The employee may have the best of intentions. They want to work better for your business. They don’t see the harm in adding that convenient app to their computer. Or they don’t think it’s a big deal to use their own device to complete their work (even if unsanctioned). Maybe they want to be efficient, so they use a personal email account to conduct your business.
Any of these examples are part of Shadow IT, and it's running rampant. In Frost & Sullivan research, 80% of employees admitted they had used non-approved software. Even 83% of IT workers were using non-vetted Software as a Service (SaaS) applications. So, what’s the big deal? We’ll cover that next.
The Potential Pitfalls with Shadow IT
First, if your business is in a regulated industry, Shadow IT could put you at risk of noncompliance. That unsanctioned device may not be encrypted. Sharing business data over a personal email would be a big no-no in a healthcare or banking space. Shadow IT certainly undermines audit accountability.
It can also drive up IT costs. Say accounting doesn’t know that the business has already paid to use certain software. So, they pay for it again out of their own budget.
If IT is unaware of the Shadow applications or devices, they can’t manage the vulnerabilities. The business doesn’t know customer data or personal identification information about employees is at risk.
And there is greater threat of a data breach or ransomware attack. Employees downloading a third-party app could inadvertently give a hacker access to your network.

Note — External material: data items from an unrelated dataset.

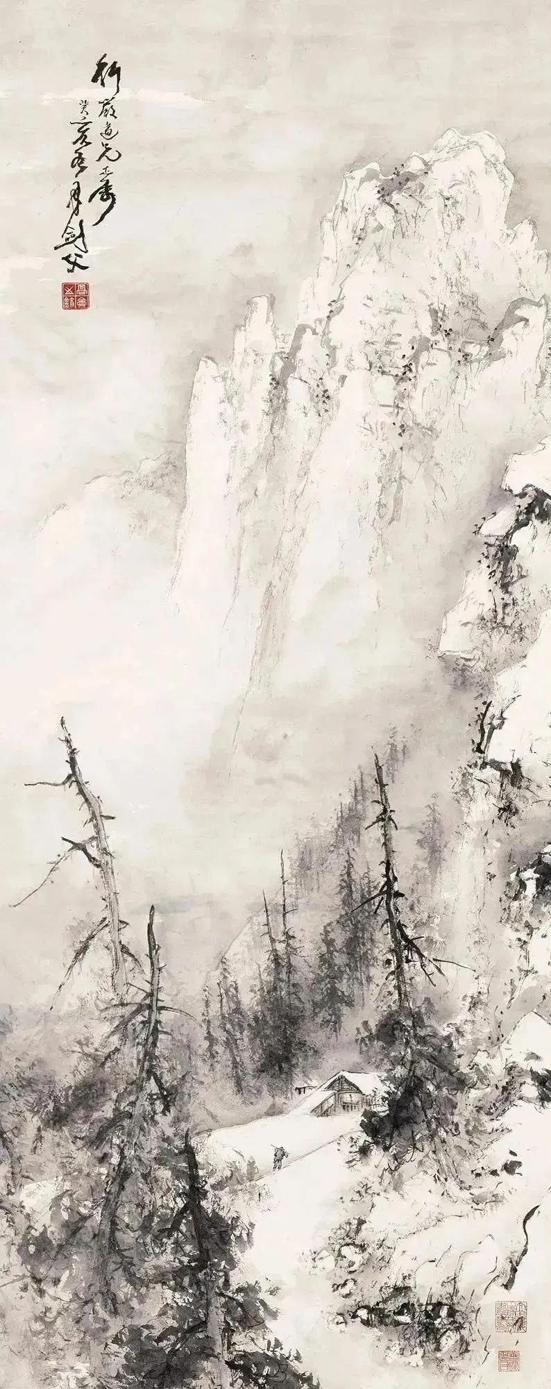 高剑父的山水、气势磅礴,笔法有近似马远、夏圭一体的,横砍竖劈,干笔飞白,于秀逸中见刚劲。所作朝阳夕照、风雨晦暝、烟霞云雾之景,生动再现了南国山川的秀丽多姿。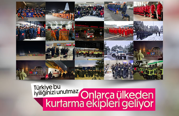 Türkiye'nin ulusal yardım talebinin ardından birçok ülke uzman arama kurtarma ekiplerini Türkiye'ye göndermeye başladı.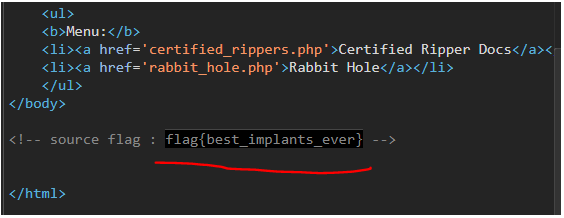 HTML 코드를 보면 주석처리된 플래그를 찾을 수 있다.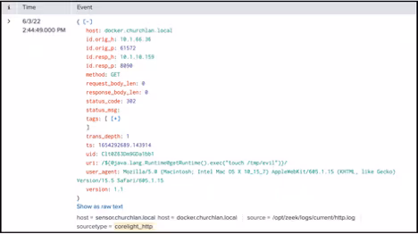 You may not have access to Confluence Access Logs but do have access to network traffic analyzers or web traffic logs. Consider looking for the same indicators listed above in these logs too. Any data source that provides visibility into the details of HTTP transactions will work. An example of this in practice would be reviewing Corelight (Zeek) data. In this data, Zeek logs the decoded version of the exploit string, so it’s easier to see what’s going on here. An example search leveraging the destination IP address of the Confluence host follows.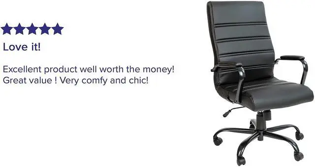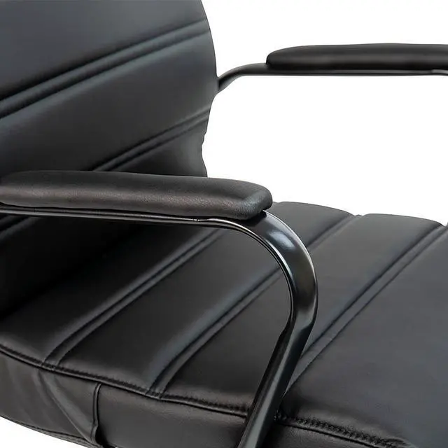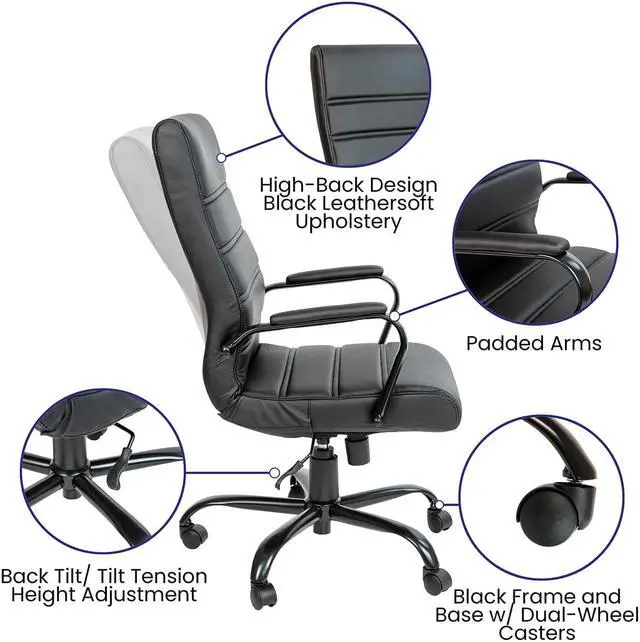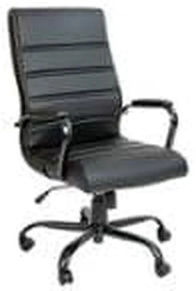 An elegant blend of comfort and style, this high-back LeatherSoft office chair is the perfect seating solution for your workspace. Crafted from black LeatherSoft material with black arms and a black base, the ergonomic design brings a sleek look with ample durability and support for long-term use. Designed for exceptional comfort, this LeatherSoft office chair features a cushioned seat and back upholstered in black LeatherSoft for softness and durability. Padding on the arms lends additional comfort, while horizontal stitching along the seat and back adds a touch of refinement. The high-back office chair features extended height to support your upper back and help relieve back tension.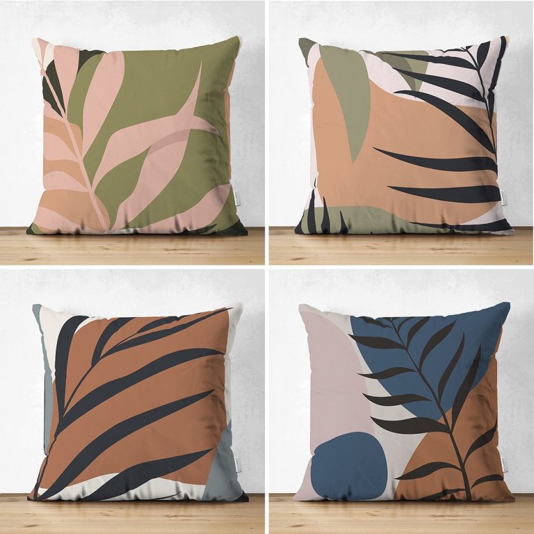 4’lü Özel Tasarım İnce Dal Yaprakları Dijital Baskılı Modern Süet Kırlent Kılıfı Seti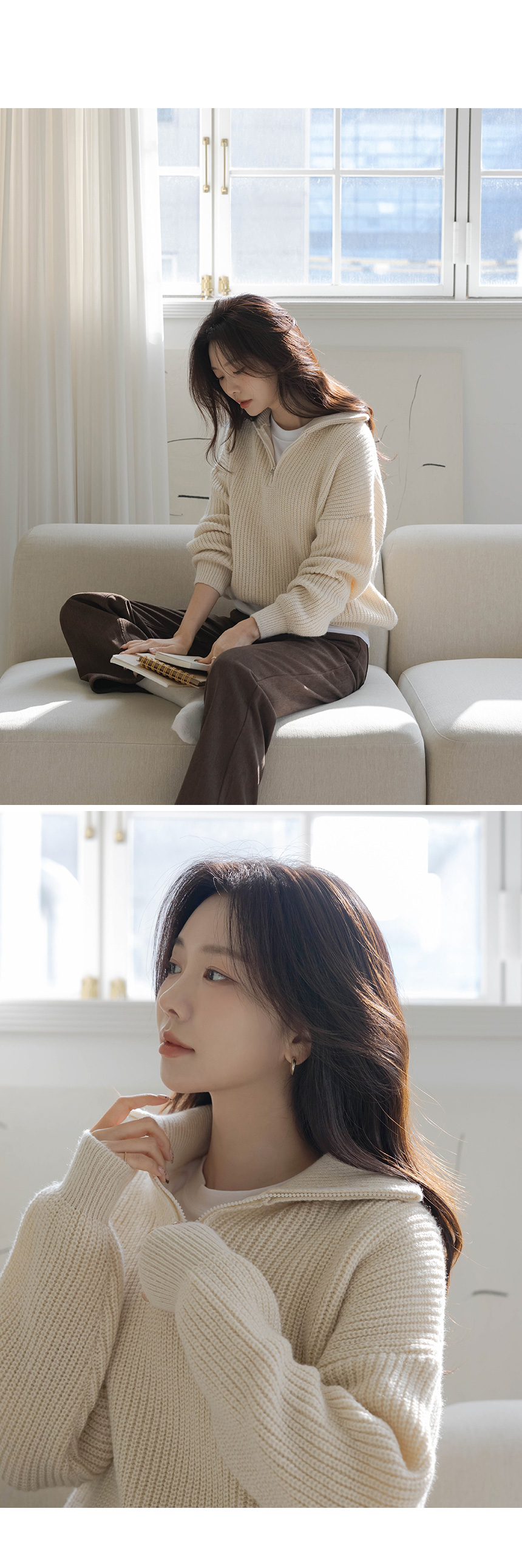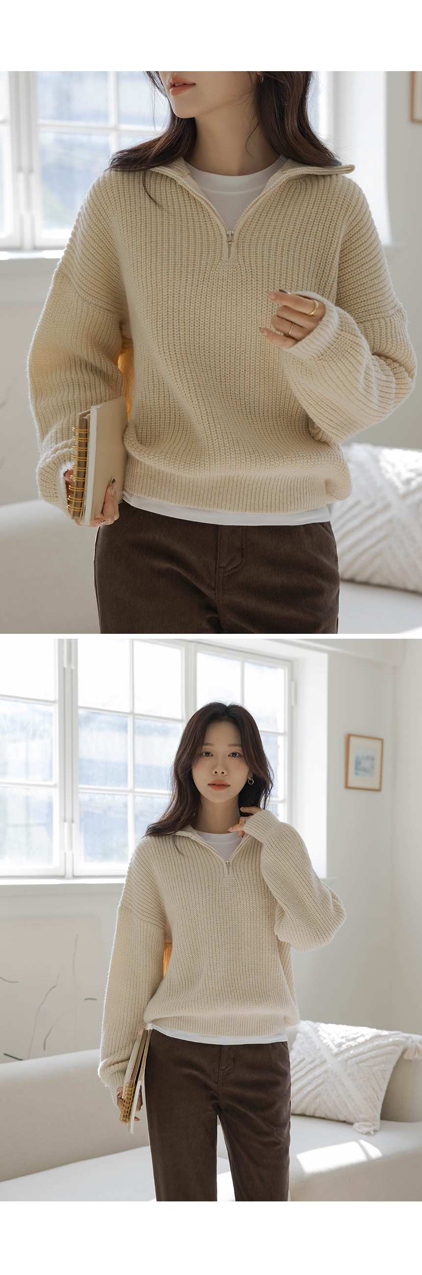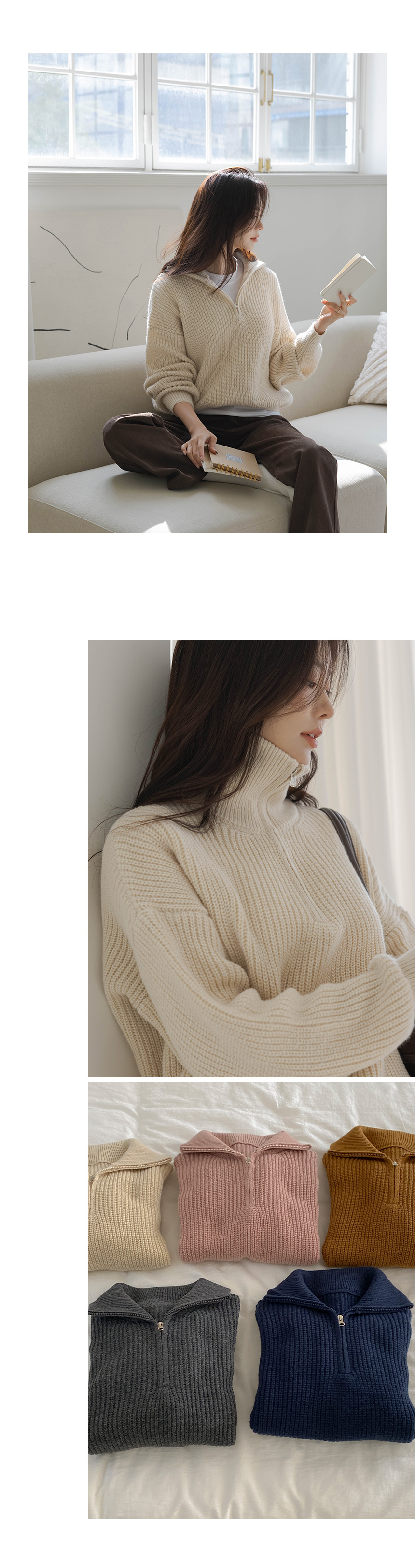 ハイネック ハーフ ジップアップ 分厚い ニット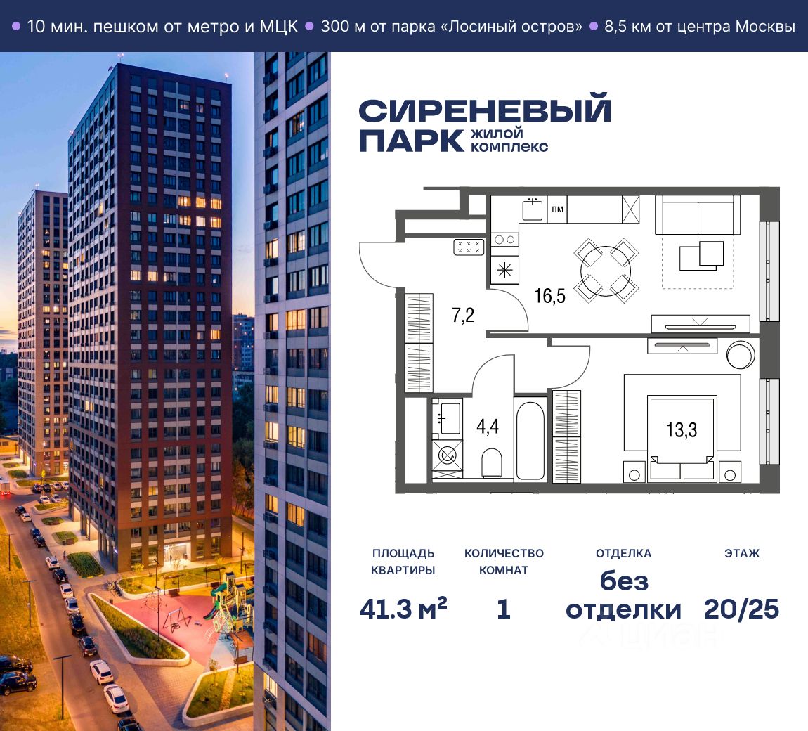 Продаётся просторная 1-комнатная квартира общей площадью 41.3 м² на 20 этаже в новом жилом комплексе "Сиреневый парк", расположенном в Восточном административном округе Москвы на улице Тагильская. Всего 10 минут ходьбы от станции метро "Бульвар Рокоссовского" и одноимённой платформы МЦК.

Additionally, the business risks losing productivity. The work someone does on a shadow app, for example, could be lost to the company if that employee moves on. IT wouldn’t have access to that account to retrieve the information or files. They don’t even know it is out there on that unknown app or device.
Shine a Light on Shadow IT
Because this IT lingers in the shadows, it can be challenging to coral. Still, there are several steps you can take.
Educate employees about cyber policies.
Create and communicate acceptable use guidelines, and make sure your workers know what your policies are regarding:
- SaaS downloads;
- use of personal devices (e.g. mobile phones, laptops, USB flash drives, portable data storage devices);
- emailing from personal accounts or using messaging apps;
- online document sharing;
- online voice or meeting technology.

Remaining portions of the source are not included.